As much as I loved Robin Williams, I have to admit that the liberties taken with the movies he's starred in has always bugged me, but I think the phrase "based on a true story" lost all meaning for me when it started being applied to Hollywood horror films involving possessions and ghosts. It turns out the MPAA doesn't regulate the use of the phrase "based on a true story," so anybody can use it wherever they want.
"Based on a true story." |
When I initially heard that the Jason Statham movie The Bank Job was "based on a true story," I had my doubts. After all, surely this would be a movie where Jason Statham kicks a lot of guys in the face and talks like a man whose voice was just paved over with gravel, right?
Pictured: Every scene from every Jason Statham movie. |
If you ignore the "based on a true story" bit, the story still holds up as believable. You could see a government agency attempt to use petty criminals to steal something they can't legally retrieve (look at Watergate). You can see a criminal getting way in over his head with what was supposed to be a simple job. Some facts in the story actually are true, like the fact that the police were tipped off because an amateur ham radio operator overheard the walkie-talkie conversations between the gang. The government did attempt to hush things up. As near as I can tell, there really were millions of dollars worth of cash, gold, jewelry, and other items stolen, and lots of people with safe deposit boxes never filed insurance claims.
But what about the movie? What makes it good? Well, for one thing, there's some real, genuine tension in certain scenes that, in most other movies, would fall flat on their face. A scene involving a dropped walkie-talkie is actually pretty tense because it leaves people on both sides of the law unaware of what's going on. The last ditch attempt at get all the good guys and bad guys together at the climax feels about as mashed up and chaotic as you'd think a real world attempt to bring forces against each other would go.

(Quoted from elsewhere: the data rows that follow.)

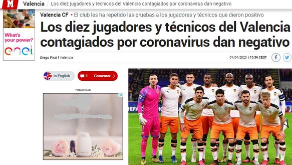 Intanto però la stampa spagnola fa sapere che il secondo test al quale sono stati sottoposti i dieci giocatori e lo staff tecnico hanno dato esito negativo. Si era saputo solo della positività di Mangala, Garay e Gaya. Quello spagnolo è il club più colpito dalla malattia e pare che sia stata centrale nel contagio la partita contro l'Atalanta che si è giocata al Meazza.
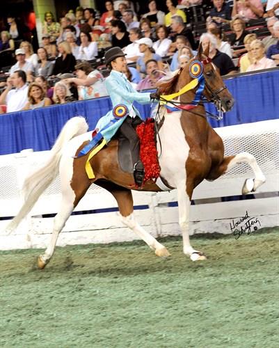 Eleanor Rainbolt-Forbes and CH Sprinkles winning the 5 Gaited 13 & Under Championship at the KSF in 2010.
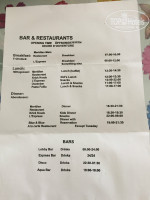 Бар у бассейна-работает КРУГЛОСУТОЧНО, все то же самое, только в многоразовых пластиковых стаканах и без коктейлей, только смесь алко+безалкогольных напитков. Так де там есть круглосуточная еда. Меню разделено на 3 часовых времени: 6-11-завтрак, типа яичница, сендвич и тд. 11-00 меню на весь день: пиццамаргарита, она же с тунцом, и она же с салями, бургеры с котлетой, итальянский, тунисский и Турецкий сендвич, 00-6 утра меню не изучено, но точно были хотдоги)
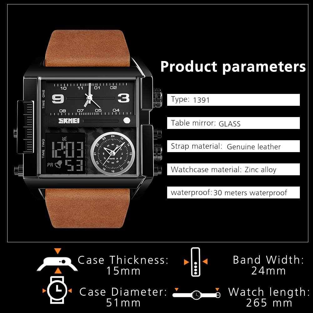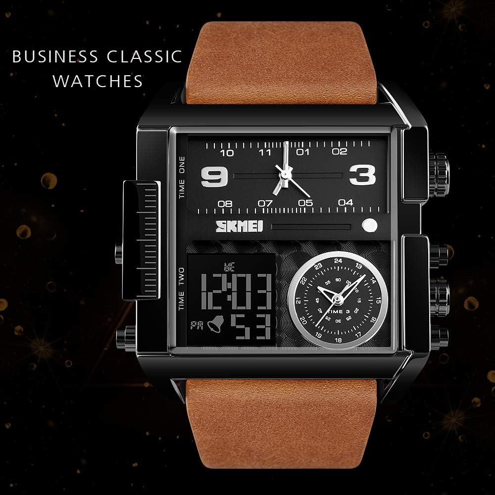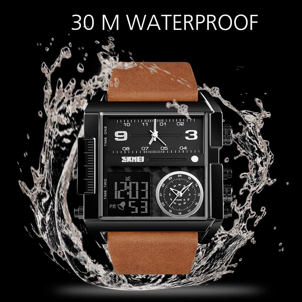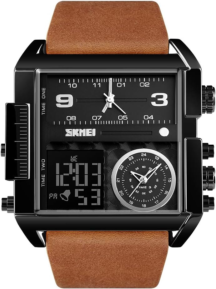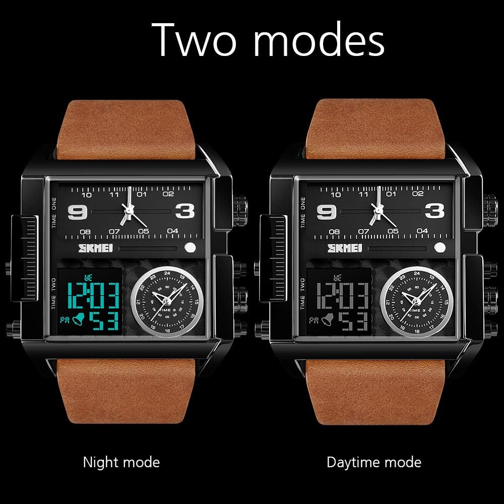 ساعة عسكرية متعددة الوظائف للرجال - أقراص عرض ثلاثية رائعة فريدة من نوعها مع ساعة إيقاف ومنبه وتاريخ وشكل 12/24 ساعة، قرص LED كبير للوجه مع حزام جلدي كلاسيكي أو سوار من الفولاذ المقاوم للصدأ، بسيط وكبير، معبر عن ذوقك الاستثنائي
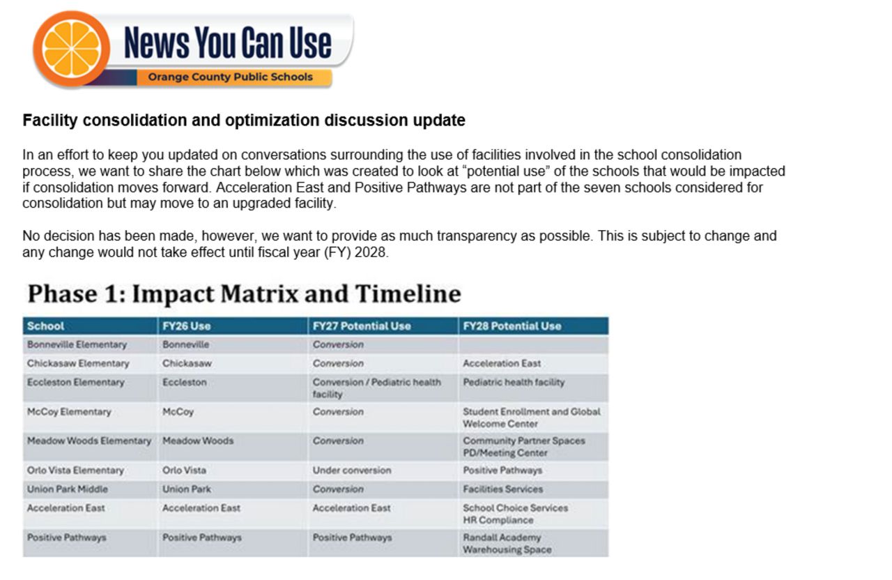 On Tuesday, OCPS sent out an email to its staff with a facility consolidation and optimization update showcasing all seven schools and their potential uses.
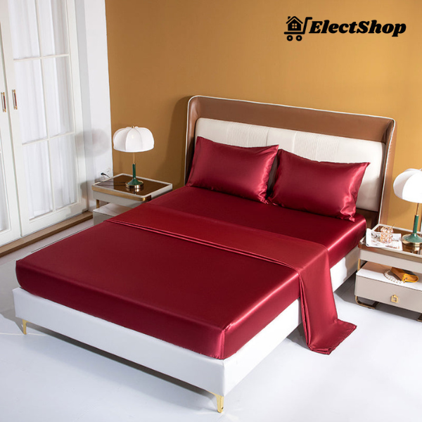 Conjunto LuxPink - Jogo de Capa de Colchão + Lençol em Cetim de Seda + Fronhas - Electshop
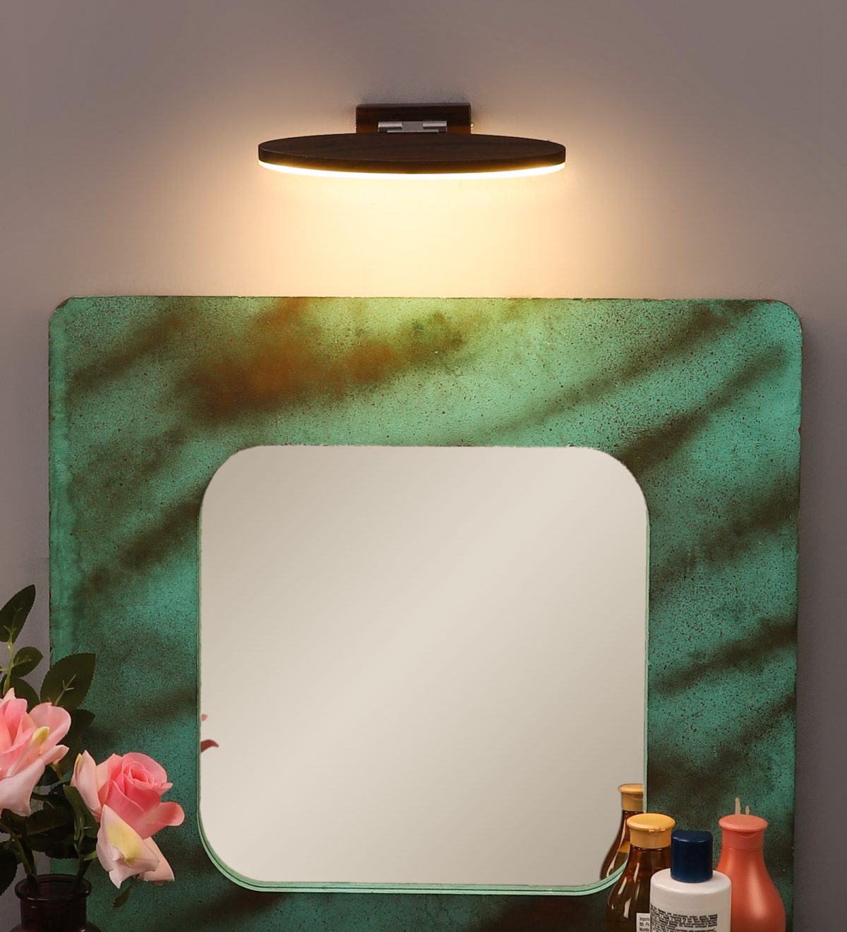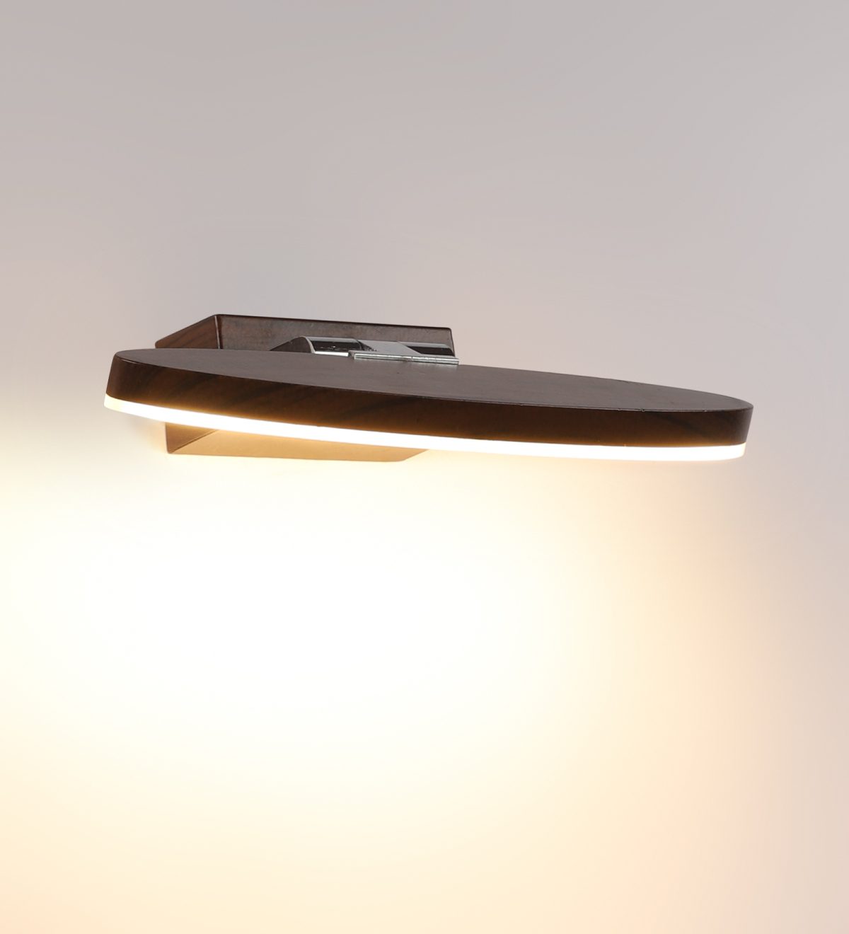 Exclusive dark brown (wood finish) LED picture light using high quality LED and driver with high success rate having less than 0.5% replacement with warm white (yellow) light output. It features one adjustible point. It is usually placed over the painting or a photo frame on the wall. Can also be used above the mirror. Its premium quality wood finish makes it one of the best selling product in our catalogue. It can be made in silver, antique, copper, and black finish in case of bulk requirement. Available in small size with code ML379-S.

The setting is wonderfully British (as in it's rather cold and looks like it's constantly wet), and even though there aren't that many locations, each one manages to be used to shed some light on the personalities of the people taking part in the film. The home that Jason Statham and his wife raise their children in seems warm and "normal," but with a simple door being closed, it can start to feel somehow both extremely closed in and also very fragile, like the walls would crumble away in a moment should something go wrong. The shop purchased by the robbers to drill from into the bank manages to look extremely well-built and stocked (like, say, a place professionals would hang out) but also has product scattered and disorganized (small-time criminals, we'll say, trying something big without really knowing what they're doing).
Jason Statham was really the only actor I recognized (which I think actually helped the movie, because I spent more time just seeing the characters as their characters, not as actors playing characters). I suppose I did recognize Saffron Burrows from her role on Agents of SHIELD, but it took me a while. Each character involved in the heist brings a a likability to their role, and each of the villains is despicable in their own way. Manipulators, murderers, and porn kingpins, they manage to reach into the darkest corners of both the justice system and the criminal underworld and present a genuine threat to the "heroes."
I enjoyed the movie, regardless of how much of it was "real" and how much of it wasn't. It's pretty cheap at movie stores these days. I got mine on blu-ray from a local shop for about eight dollars. It's worth the sit down. While it doesn't really contribute anything new to the heist movie genre, it presents what it does have extremely well.